As a woman, that quote makes me wince. I don’t know whether women are actually liable to weight likability over party affiliation. (I know a lot of women with staunch party affiliations, and for them party is the first factor in likability.) But the word “likability” sounds diminutive. It dismisses the value of assessing a candidate’s character.
What's more, as NPR points out, likability (if we have to call it that) means different things to women in different stages of their life. To the unattached, it might mean Someone They Can Believe In. To mothers, it might mean Someone Committed to Solving Problems. And for everyone, there's the raw seduction of identification. I was forwarded an e-mail by my aunt in which a friend of hers, who works for the Hillary campaign in California, said of Hillary: "The whole time I kept staring at her thinking 'My God! She has wrinkles and crows feet! Oh my God - she looks just like us!'" Of course, the power of identification doesn't always favor Hillary. Kim McLarin at The Root writes a thoughtful essay about why Michelle Obama makes her swoon for Barack, which includes: "She reminds me of my sister Michelle. She looks like me."

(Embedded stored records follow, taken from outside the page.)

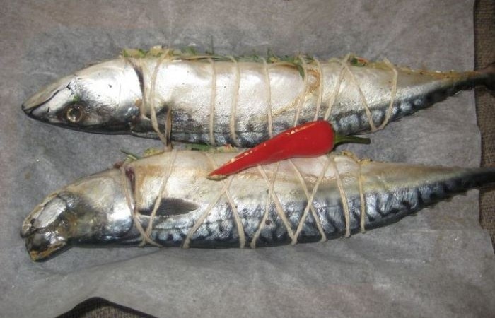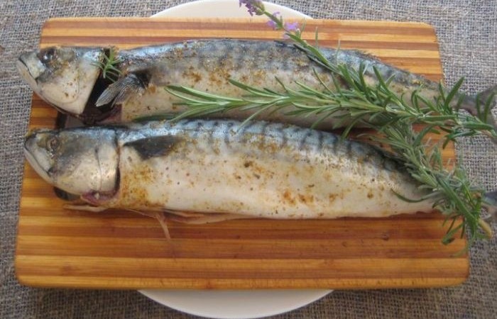 2Скумбрию разрезаем по брюшку, достаем внутренности, промываем тщательно и обсушиваем. Натираем солью и специями внутри и снаружи.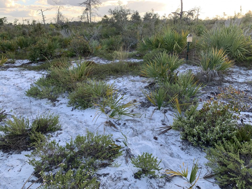 The Lake Wales Ridge’s rare species are a product of Florida’s geological history. When much of the state was underwater, higher elevation sand dune areas along the Central Florida ridge behaved almost like islands, producing isolated habitats. These unique environments led to pockets of specialized plants and animals, such as the blue calamintha bee, Daniels said. Today, the ridge is characterized by patches of pine scrub dotted among the orange groves along U.S. Route 27.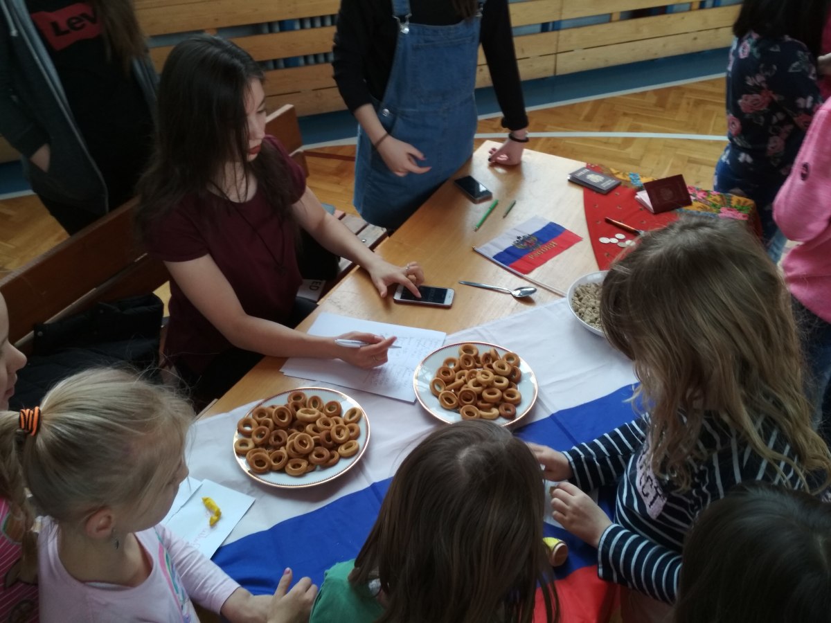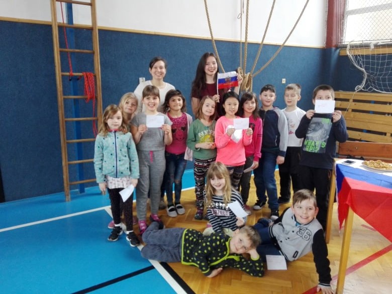I třída 2.A se mohla podívat do tělocvičny ve středu, kde probíhala Global Village našich stážistů z projektu Edison. Každý si anglicky poprosil o brazilskou sladkost, mohli jsme ochutnat jordánský "POPCORN", slečna z Gruzie nám ukázala jejich abecedu a každému napsala jeho jméno na památku a v Rusku, jsme skládali matriošky na čas. Někteří odvážlivci i ochutnali pálivé nudle z Indonésie a zkusili si napsat čísnký znak inkoustem a speciálním štětcem.

My aunt, a Francophile originally from the Midwest, is a case study in how identification can be about exclusion, too. She told me, "I remember in the early 60s I was a Young Republican and once at a rally I looked around and all the candidates were white men in suits and I thought 'these people don't look like me' and walked out. Thereafter I became a Democrat."
P.S. The woman who works for the Hillary campaign also wrote, "The whole day I had thought about asking her if she would consider making Barack Obama her vice-president because that's the dream team those of us in the trenches and on the fence really want to see."